The plot was simple, the dialogue was corny, and there were not many surprises, but it was still a great movie.  The comedy was excellent and I like the way they stressed the alienness of the transformers.

Two big complaints:

[sblock]Jazz just kind of dies, which doesn't even get mentioned again until Ratchet and Ironhide bring his body to Optimus, who commemorates his close friend's death in barely more than a sentence and can only keep up a sad tone long enough to say, "Aw, Jazz."  Jesus, it was like watching _X3_ all over again.[/sblock]
[sblock]What the hell happened to Barricade and Scorponok?[/sblock]

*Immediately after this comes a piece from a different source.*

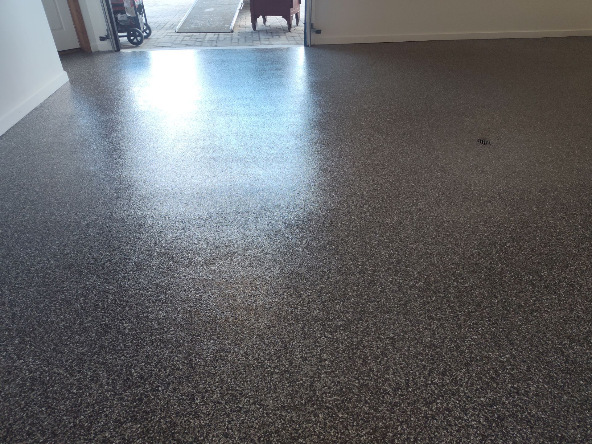 Porch Coating, Garage Epoxy Coating, Garage Floor Coating, Hybrid Flake, Silvercreek Flakes, Claystone Flake

But one scene made up for all of that:
[sblock]"You have failed me yet again, Starscream."[/sblock]


----------



## The Serge (Jul 5, 2007)

While I certainly wouldn't call this the "greatest movie ever," _Transformers_ is certainly a fun action flick.

I liked the ample amount of internal humor, I liked the explanation for the manner in which the Autobots spoke with humans, I liked the fight scenes and the CGI.  I thought the story was fine as well, something that can make or break an action flick...  It was balanced well between the out-and-out action and the exposition.

That said, this film had a number of challenges.  First, there were waaaaay too many secondary characters running around.  We have the chick that discovers the message and then pulls in her cyber-geek friend, to the army guys, to the Sector 7 guys, to Sam and the chick, to the Autobots and Decepticons.  Waaaay too many characters, most of whom weren't necessary.  The portions I found most intriguing and worked the best were those interactions with Sam and his family/friends and the military discoveries (including most of the scenes with Voight's character).  Virtually everything else could have been collapsed into one of those two areas in order to give more screen time to the Cybertonians themselves.  Which leads to my second gripe.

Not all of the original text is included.